As data storage and thus disk requirements grow, new network compatible disk systems are added to the SAN networks. Such networks can become quite large.

Medium sized data systems may also have various network configurations, although the network is typically less complex and sophisticated then for larger systems. Many of these medium sized systems are based upon a NAS (Network Attached Storage) architecture. An example of NAS architecture is shown in FIG. 2. User terminals 101, disk systems 103, a tape library 104, and serves 106 and are all connected directly to a common network 110. Many medium sized data systems rely on a single disk RAID system containing the main data for the system and all the data is typically backed up onto a small tape library, which may either be an automated tape loader or just a single tape drive. If more data capacity is required, it is typically accomplished by adding another disk or another disk array to the network (or in some cases replacing the old disk with a new one).

The smallest data systems very often include only a single disk drive embedded into a stand-alone computer, or of a very simple network consisting of a few of computers where one computer typically performs double duty work as a server. Backup on small data systems may be done on a single tape drive or on optical disks. Work stations often fall under this system category.

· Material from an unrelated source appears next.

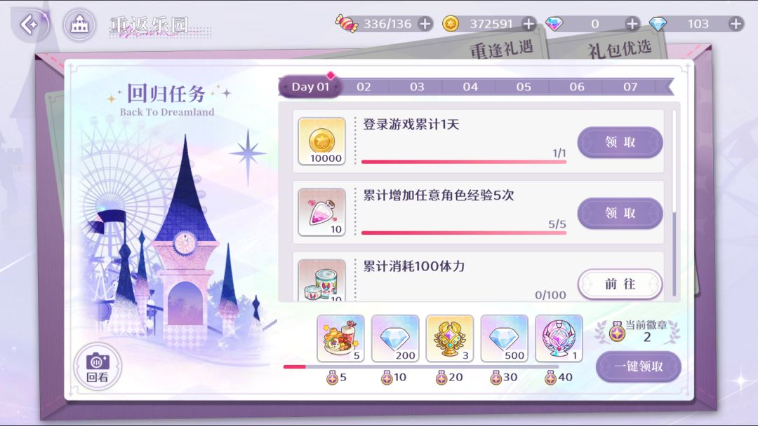 活动期间每日04:00会刷新新一天的任务,完成任务会获得对应奖励和一枚回归徽章,回归徽章收集达到一定数量,可领取额外进度奖励。在【回归任务】中,可获得乐园门票、夜光钻及完美结晶等丰富奖励!

Due to the low prices of hard disks, some vendors have implemented systems wherein several hard disks and an electronic controller board are enclosed within a box that is designed so that when considered from its interface it operates like a tape drive (or a tape library). In FIG. 3 a block diagram of a tape emulator system 120 is shown. The tape emulator system 120 has hard disks 121 that are all connected to the controller board 122. Two-ways buses 125 connect the controller board to a tape interface card 123 that has a normal tape interface in/out-put connection. For instance, the connection may be a parallel SCSI or fiber interface. In many systems, the controller and the interface are integrated into one unit. Using a standard parallel SCSI or fiber cable connection 126, a host computer system 124 connects to the tape interface 123 and thereby to the tape emulator 120 and may operate the emulator unit using regular tape drive commands. For instance, a typical tape drive command may include the commands, write n blocks, read x blocks, rewind etc. Thus, although this type of emulator system has no tape drives, the host computer sees it as a regular tape drive or tape library system but with very fast access and large capacity. Standard tape drive control software may be used to run the emulator systems and such emulator systems are therefore normally easy to integrate into already existing computer systems. These disk based systems have no removable tape cartridges and therefore lack one of the key features of tape drive systems, which is the possibility to remove data on cartridges and store these cartridges in a fireproof safe or other secure location. Therefore, most professional data systems which use tape emulators will still require a tape library system connected to the network as the final backup and long time archival storage means.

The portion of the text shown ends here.